Now we're goin'! What wrong with the basement? Your shop looks fantastic! The hardwired dust collection system is what I envision. More shops please. I love this.


----------



## OnlyJustME (Nov 22, 2011)

There is a State of the Shop thread already going here (not in the shop section) but it seems people are cleaning up their shops to post on this one. In that case mine will probably never get posted on this thread. LOL

I am envious of the organizational skills you guys have. Any one wanna take on another shop and help a fellow LJ out? Just need it set up once so i can keep it that way


----------



## donwilwol (May 16, 2011)




----------



## RodNGun (Feb 4, 2012)

Boom! Thanks Don, who's next.


----------



## NiteWalker (May 7, 2011)

If I had a shop that big, beautiful, clean and cozy looking I would seriously never leave.


----------



## Blackie_ (Jul 10, 2011)

Ok Rod, read your message above, once I have a chance I'll post some updated pics of mine.


----------



## Blackie_ (Jul 10, 2011)

Ok Rod here is mine, 12' x 16' a stand alone located in my back yard with an external attached DC closet which also houses my air compressor.

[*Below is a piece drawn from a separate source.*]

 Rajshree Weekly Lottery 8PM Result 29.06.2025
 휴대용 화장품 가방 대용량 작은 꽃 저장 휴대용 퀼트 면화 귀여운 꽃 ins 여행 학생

I have another 8' x 10' metal building I just put up for my finishing booth.


----------



## mbs (May 8, 2010)

Great shops to all that have posted so far!

Here's a link mine - too lazy to re-upload the pics.

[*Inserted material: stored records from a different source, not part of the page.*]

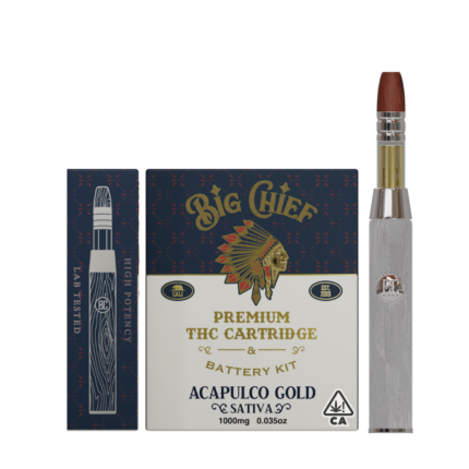 Big Chief's Acapulco Gold cartridge offers a legendary sativa experience, capturing the essence of the classic landrace strain from Mexico. Known for its potent, uplifting, and energizing effects, it provides a clear-headed and euphoric high. The flavor profile is a unique mix of earthy, burnt toffee, and spicy notes with hints of citrus.
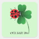 Cute red ladybug on Lucky leaf Kids Square Sticker
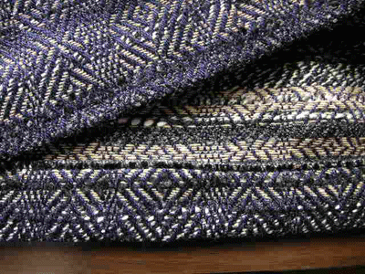 ウール/コットン/シルクの糸を使用したザックリした雰囲気が素敵です。濃紺に黒、ベージュ、白、のそれぞれ違う表情の糸使いが布表情に奥行をもたせています。中肉の厚みの布ですが、とても落ち感のある布の為、ドレープが奇麗です。味わいの有るジャガードの質感をお楽しみ下さいませ。
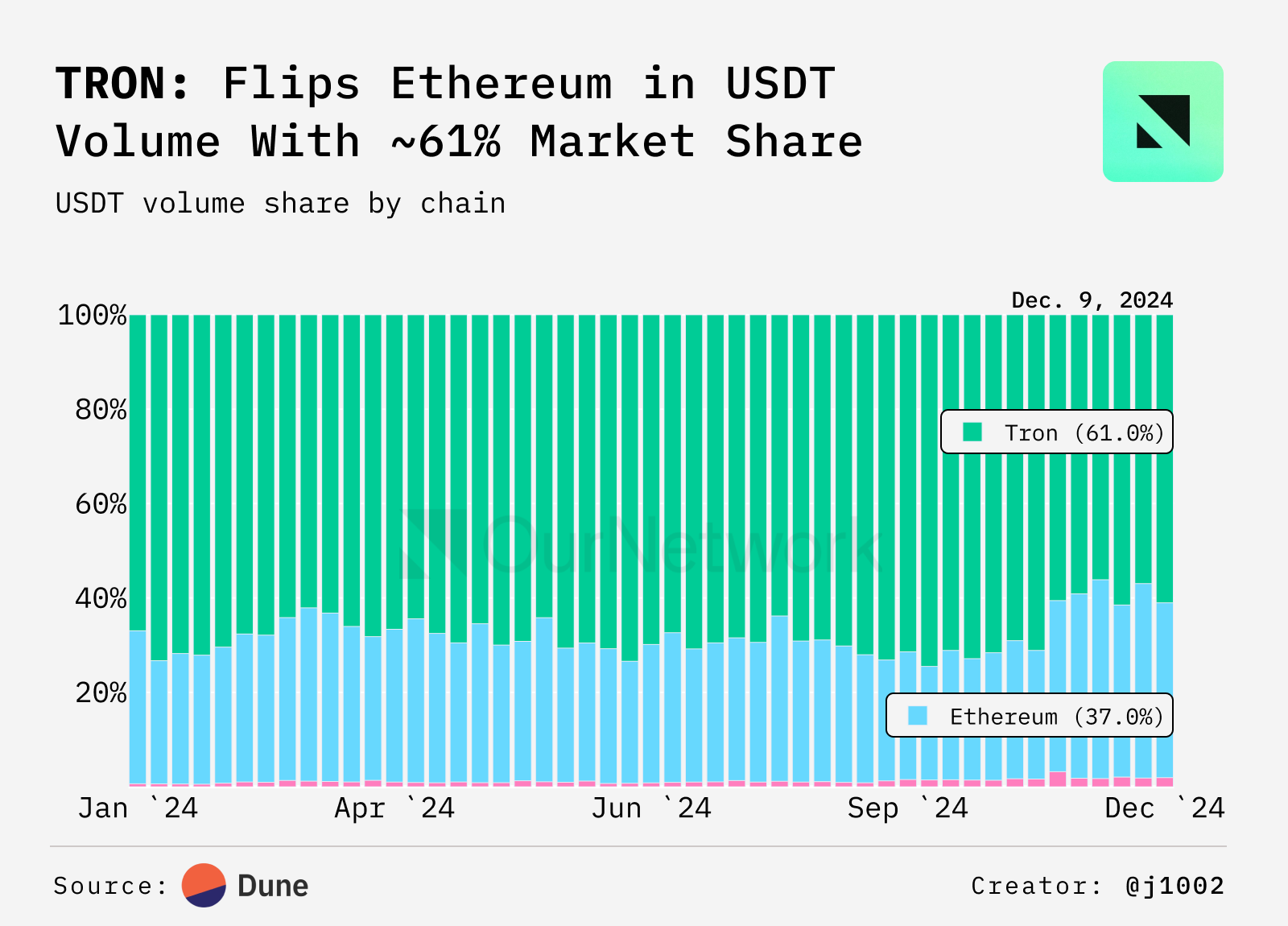 - Over 60% of USDT volume occurs consistently on TRON. The T3 Financial Crime Unit (T3 FCU), a collaboration between TRON, Tether, and TRM Labs, has frozen more than $100M in criminal assets globally, passing a significant milestone in its fight against cryptocurrency-related financial crime.

I like to see pics of shops too. I asked the mod if they would put a number next to each shop to represent the number of pics in the folder because it is frustrating to open the folder and not find anything. They like the idea but havent done it yet.


----------



## RodNGun (Feb 4, 2012)

Blackie, nice, cool space! My next project is a compressor/DC closet outside the shop. Band saw looks familiar.

More shops please…


----------



## Pono (Mar 10, 2012)

Almost done with mine gave up on warehouse space I need open Land

Nice view of Diamond head and Waikiki and some local animals.Lucky to live in [email protected]


----------



## mbs (May 8, 2010)

I think your Hawaii trumps my AZ property.


----------



## OnlyJustME (Nov 22, 2011)

You're one lucky guy Joseph to get a workshop with a view like that. That's my dream.


----------



## agallant (Jul 1, 2010)

I kinda hate you right now. I have been having new house ADD purly for the three car gurage that would be my shop instead of my 16X18 shed. Great work space though. Someone has to live the dream, congrads for that.


----------



## RodNGun (Feb 4, 2012)

Thanks Joseph, are those Koa trees you're ripping out there?


----------



## Pono (Mar 10, 2012)

Rod I wish mainly everything else koa has become impossible to get even for me.Some monkeypod from today good lumber


----------



## OnlyJustME (Nov 22, 2011)

Beautiful.


----------